Dataset excerpts ▸

______

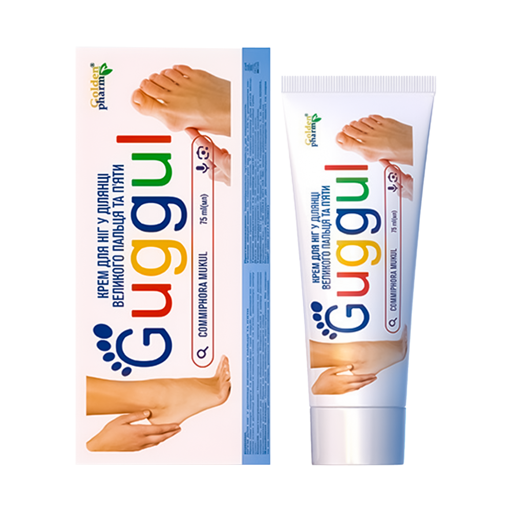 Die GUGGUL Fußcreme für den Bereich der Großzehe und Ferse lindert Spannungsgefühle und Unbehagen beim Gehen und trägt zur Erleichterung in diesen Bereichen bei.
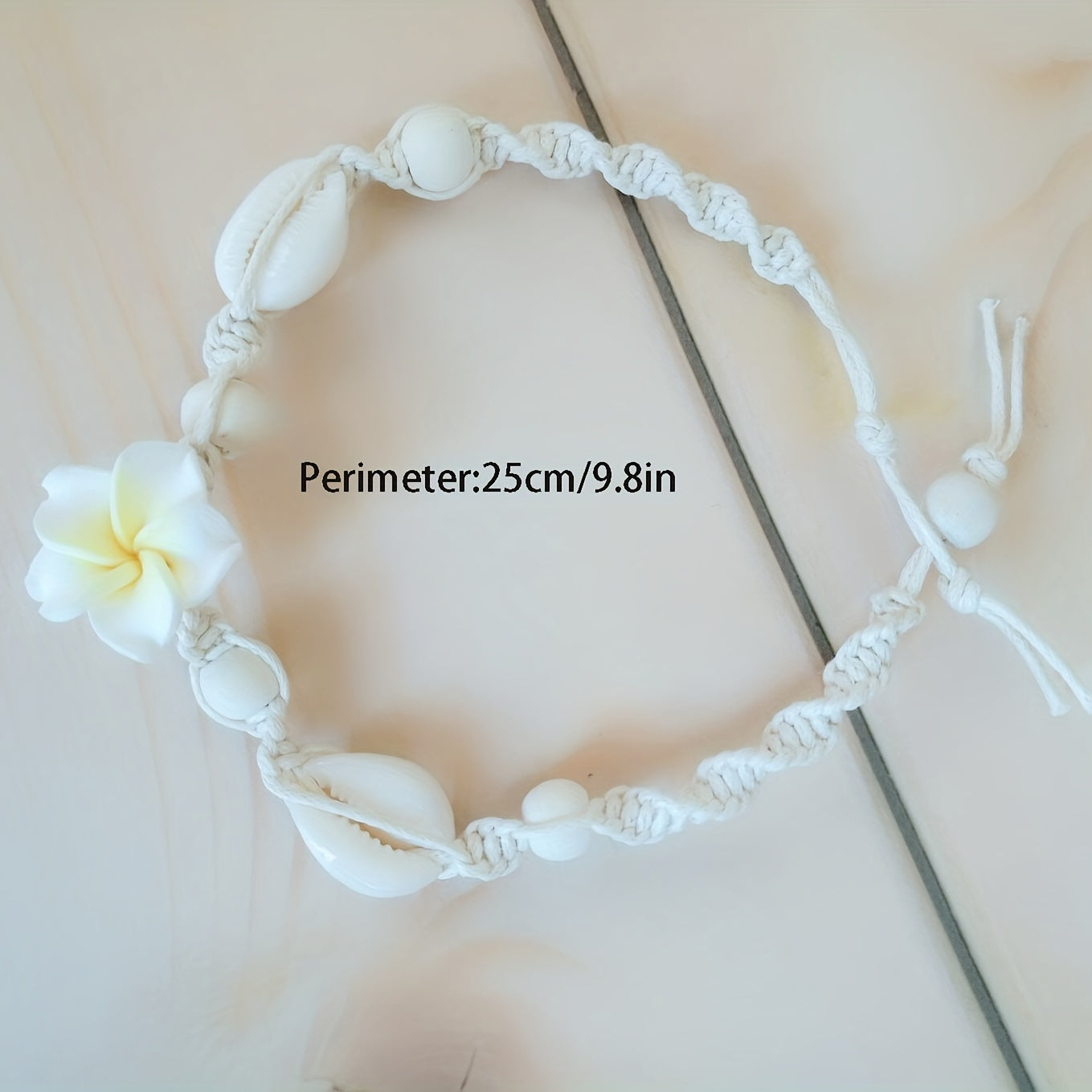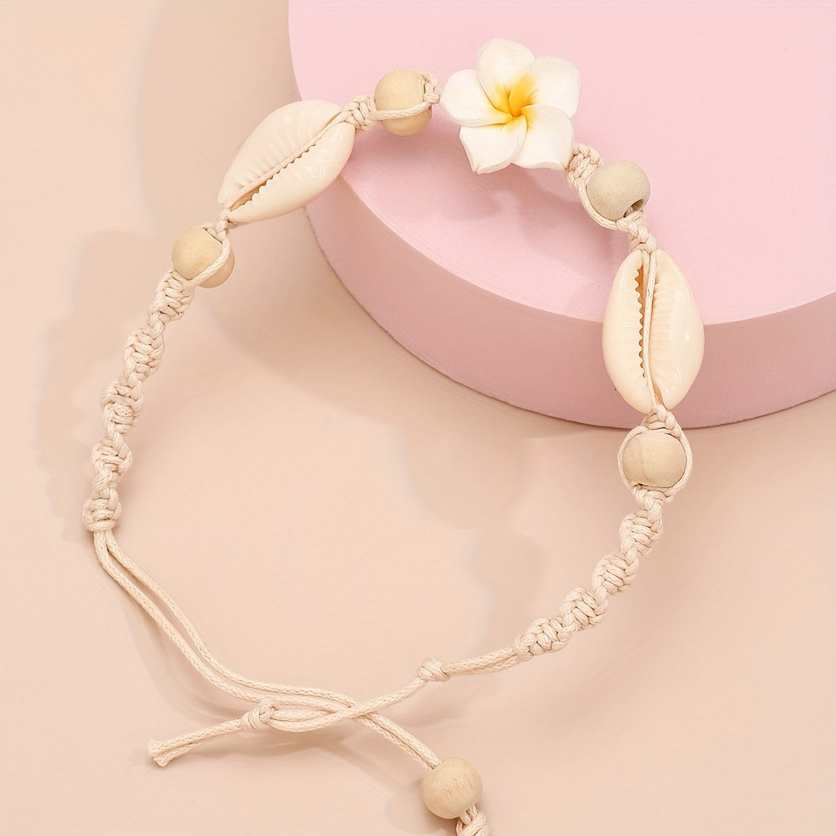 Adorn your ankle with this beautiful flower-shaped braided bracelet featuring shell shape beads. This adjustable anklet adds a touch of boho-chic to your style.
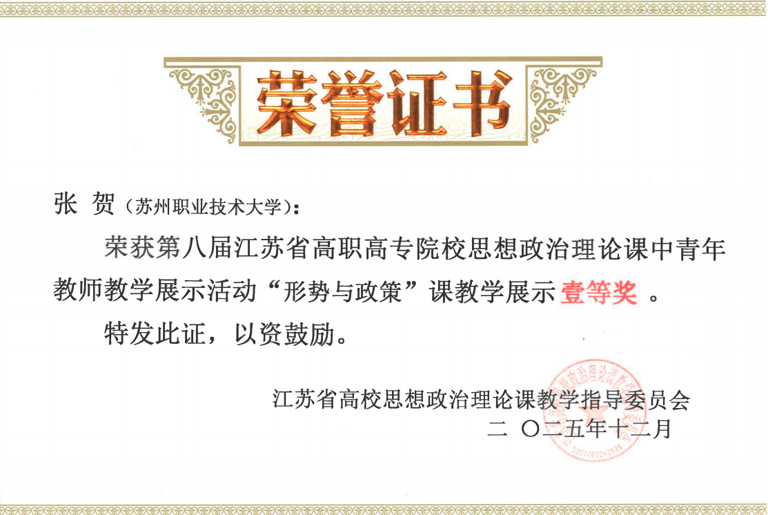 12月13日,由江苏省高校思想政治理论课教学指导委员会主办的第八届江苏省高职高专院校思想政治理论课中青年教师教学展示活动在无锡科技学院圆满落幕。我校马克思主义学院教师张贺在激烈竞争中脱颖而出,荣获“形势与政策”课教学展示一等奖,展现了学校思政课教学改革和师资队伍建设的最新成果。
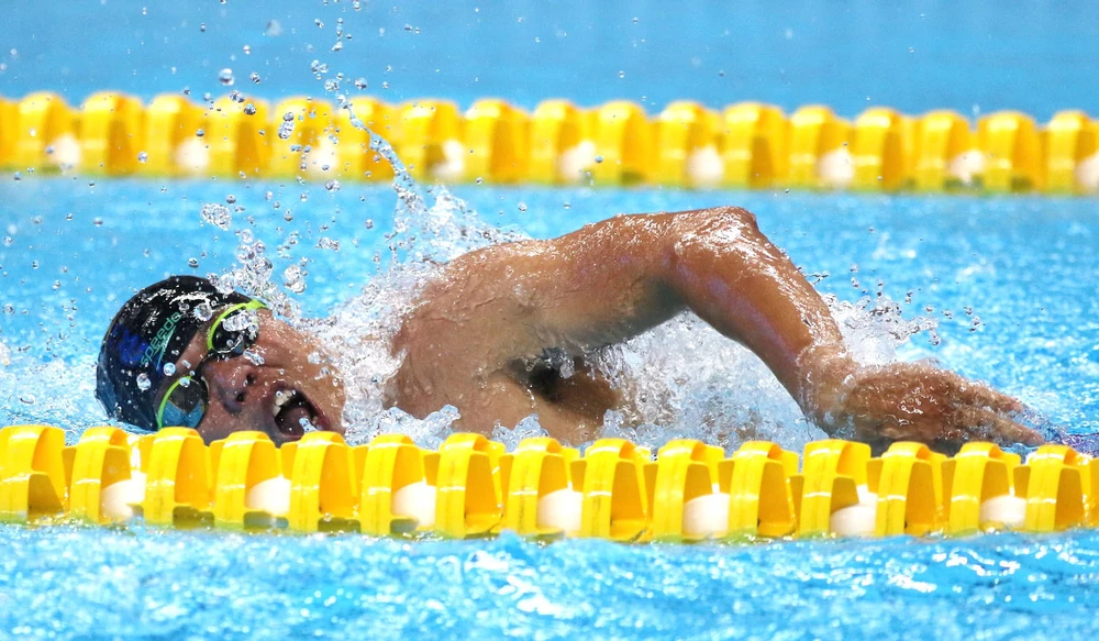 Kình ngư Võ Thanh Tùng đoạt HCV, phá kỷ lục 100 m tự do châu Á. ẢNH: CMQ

______

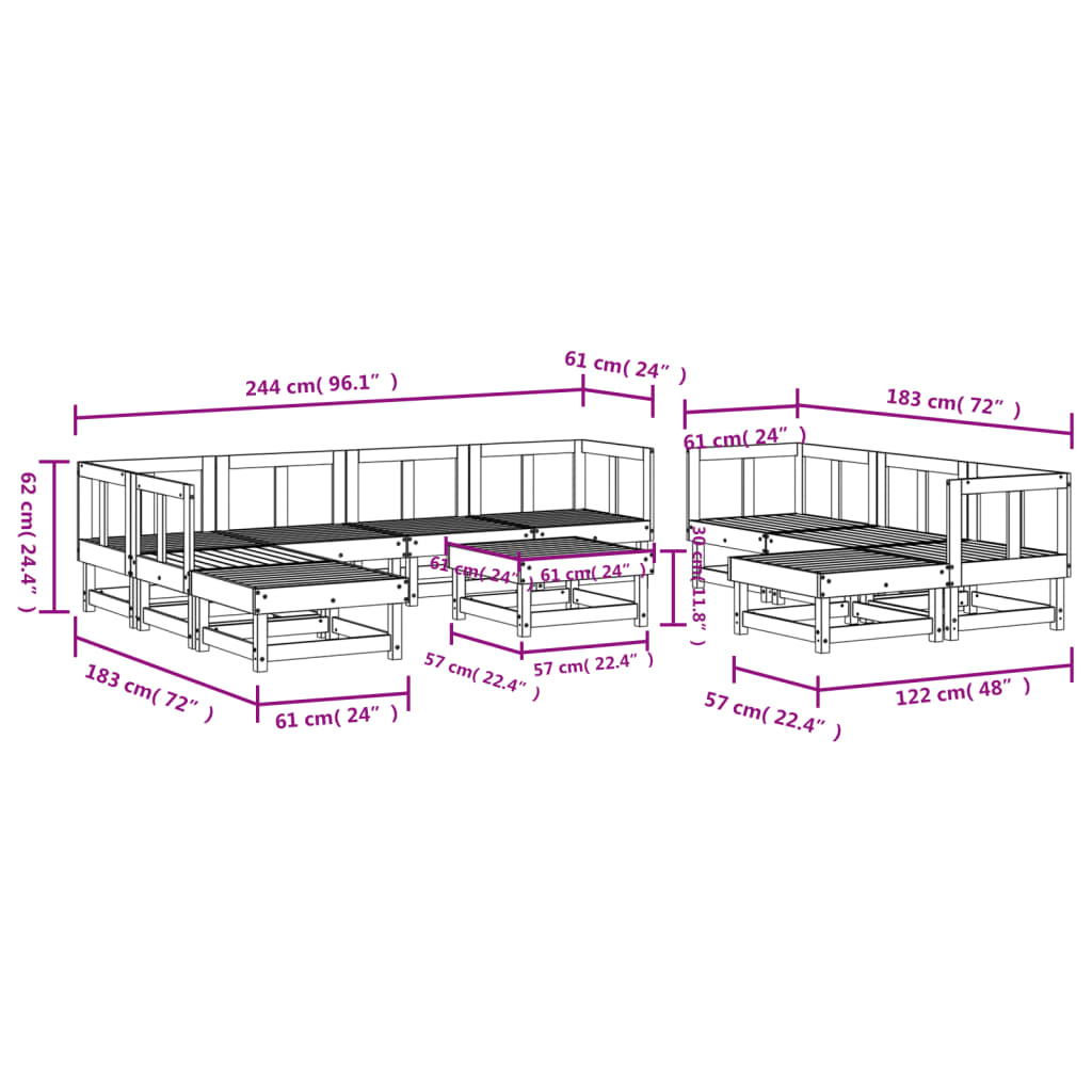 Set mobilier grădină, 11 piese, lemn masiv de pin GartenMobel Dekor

______

Your task ▸ In the listing above, find the line holding "Die GUGGUL Fußcreme" and the line holding "12月13日,由江苏省高校思". Reproduce those two lines and all between them exactly, leaving out pictures.

Output of the task ▸
 Die GUGGUL Fußcreme für den Bereich der Großzehe und Ferse lindert Spannungsgefühle und Unbehagen beim Gehen und trägt zur Erleichterung in diesen Bereichen bei.
 Adorn your ankle with this beautiful flower-shaped braided bracelet featuring shell shape beads. This adjustable anklet adds a touch of boho-chic to your style.
 12月13日,由江苏省高校思想政治理论课教学指导委员会主办的第八届江苏省高职高专院校思想政治理论课中青年教师教学展示活动在无锡科技学院圆满落幕。我校马克思主义学院教师张贺在激烈竞争中脱颖而出,荣获“形势与政策”课教学展示一等奖,展现了学校思政课教学改革和师资队伍建设的最新成果。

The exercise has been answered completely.